- _What the task asks_
Reproduce the lines of the material exactly, excluding every image.

------ Data below

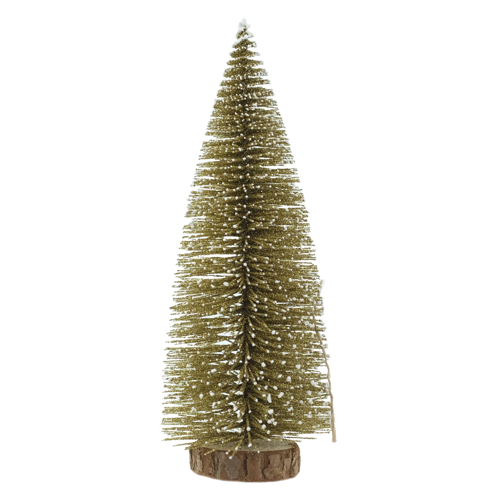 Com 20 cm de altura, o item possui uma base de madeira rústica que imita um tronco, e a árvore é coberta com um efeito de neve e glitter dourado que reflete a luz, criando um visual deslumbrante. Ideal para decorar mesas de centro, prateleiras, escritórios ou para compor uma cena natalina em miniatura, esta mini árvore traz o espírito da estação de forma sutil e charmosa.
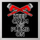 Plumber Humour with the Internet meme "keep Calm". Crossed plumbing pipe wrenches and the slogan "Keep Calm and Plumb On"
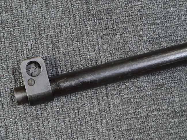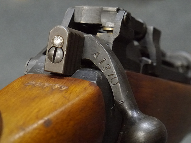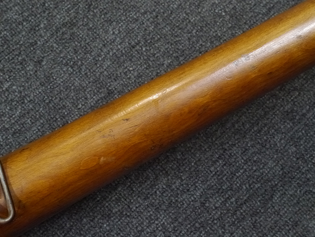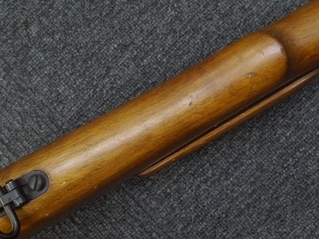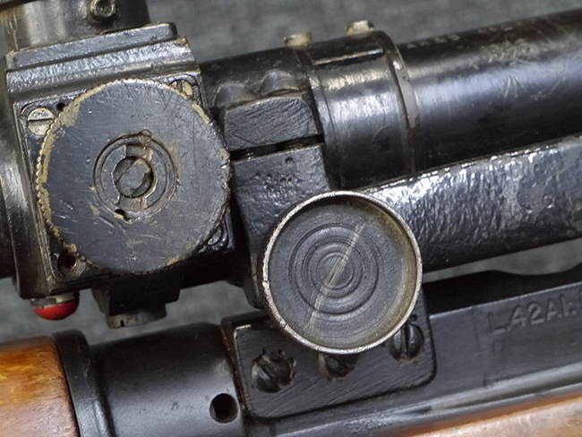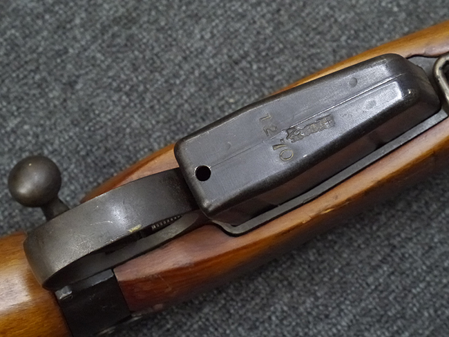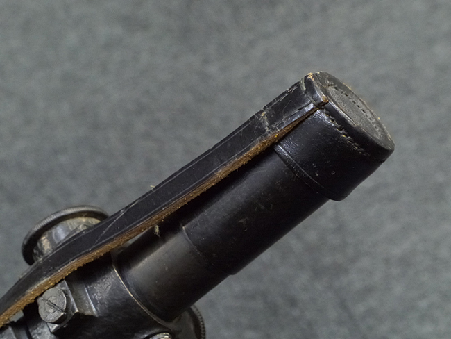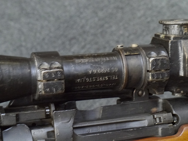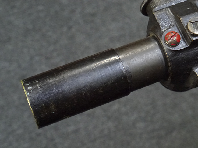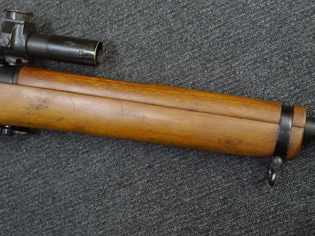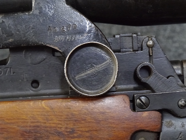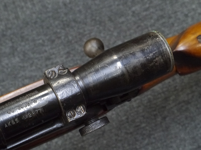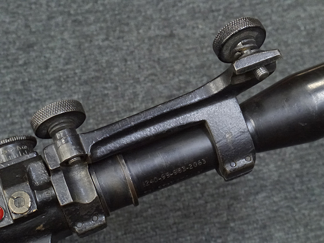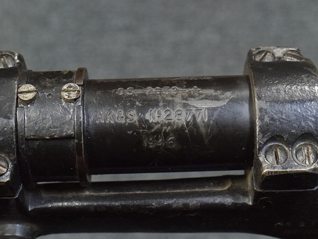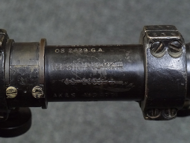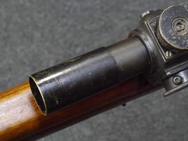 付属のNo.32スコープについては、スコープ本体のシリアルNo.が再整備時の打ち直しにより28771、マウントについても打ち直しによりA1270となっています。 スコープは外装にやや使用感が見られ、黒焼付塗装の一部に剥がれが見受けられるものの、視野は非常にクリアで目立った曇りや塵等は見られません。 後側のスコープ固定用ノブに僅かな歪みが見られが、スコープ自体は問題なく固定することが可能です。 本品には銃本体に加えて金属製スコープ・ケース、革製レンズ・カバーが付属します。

------------

- _Task output_
 Com 20 cm de altura, o item possui uma base de madeira rústica que imita um tronco, e a árvore é coberta com um efeito de neve e glitter dourado que reflete a luz, criando um visual deslumbrante. Ideal para decorar mesas de centro, prateleiras, escritórios ou para compor uma cena natalina em miniatura, esta mini árvore traz o espírito da estação de forma sutil e charmosa.
 Plumber Humour with the Internet meme "keep Calm". Crossed plumbing pipe wrenches and the slogan "Keep Calm and Plumb On"
 付属のNo.32スコープについては、スコープ本体のシリアルNo.が再整備時の打ち直しにより28771、マウントについても打ち直しによりA1270となっています。 スコープは外装にやや使用感が見られ、黒焼付塗装の一部に剥がれが見受けられるものの、視野は非常にクリアで目立った曇りや塵等は見られません。 後側のスコープ固定用ノブに僅かな歪みが見られが、スコープ自体は問題なく固定することが可能です。 本品には銃本体に加えて金属製スコープ・ケース、革製レンズ・カバーが付属します。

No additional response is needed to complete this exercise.